Love, Power, and Possibility

Rev. Mykal Slack

3/7/20253 min read

Scripture: Psalm 91:1-2, 9-16; Exodus 5:10-23; Acts 7:30-34

Song: Turntables by Janelle Monáe

Poem: “Gather the Bones” by Sofia Betancourt from BLUU Notes: An Anthology of Love, Justice, and Liberation, Amin, Takiyah and Mykal Slack, eds. (2021)

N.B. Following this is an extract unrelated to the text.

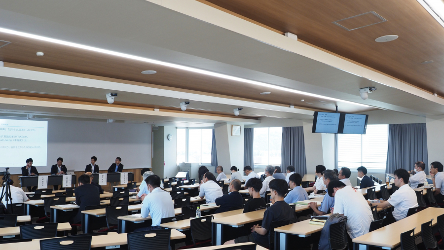 引き続き、福井県内の自治体等との連携した教育・研究活動を進めている菊池武晴教授(本学経営情報学科|まちづくりデザインセンター所属)がモデレーターとなって、登壇者の皆さまとパネルディスカッションを実施しました。

For the ancestors whose funeral prayers I sang under

the full moon

that night in Cuba by the water

What would it mean to sanctify you,

to dredge your fractured body

from the embrace of too-hard seas?

To gather the bones, child.

The bones.

Gather the bones, child,

for in them lies history,

voices long tortured,

nameless and forgotten,

their ancestral strength beyond measure.

Search for powdered traces, child,

left swirling in deep waters,

identities patterned like the

spore print of a mushroom,

like the fungal flower traces of the dead.

Speak the truth, child.

Our people came to rest

on the bottoms of oceans,

an amassed revolution of

skeletal fragments.

Where would your bones lie,

dragged bleeding and betrayed

chained to the bottoms of ships,

plotting freedom through the

blessed, dark, watery deep?

Could you find them today?

Or would you too whisper

words on the winds

calling to yourself in renewed flesh,

On strange lands, with peculiar words

calling to collect the tiniest bones?

To gather fragments littering beaches

of too-expensive resorts,

where those same sailors sun themselves,

towels spread on crumbled bodies,

to darken their own skins.

Do you recognize yourself

walking the sands at sunset?

Does your soul cry out on the winds to

gather the bones, child?

Gather the bones.

Image: “No Justice, No Peace” by Gemynii

Meditation:

There [continue to be] specifically anti-trans bills proposed in statehouses across the country to cement into state law mistreatment of and hatred for transgender people. Transgender children and their families have been particularly targeted.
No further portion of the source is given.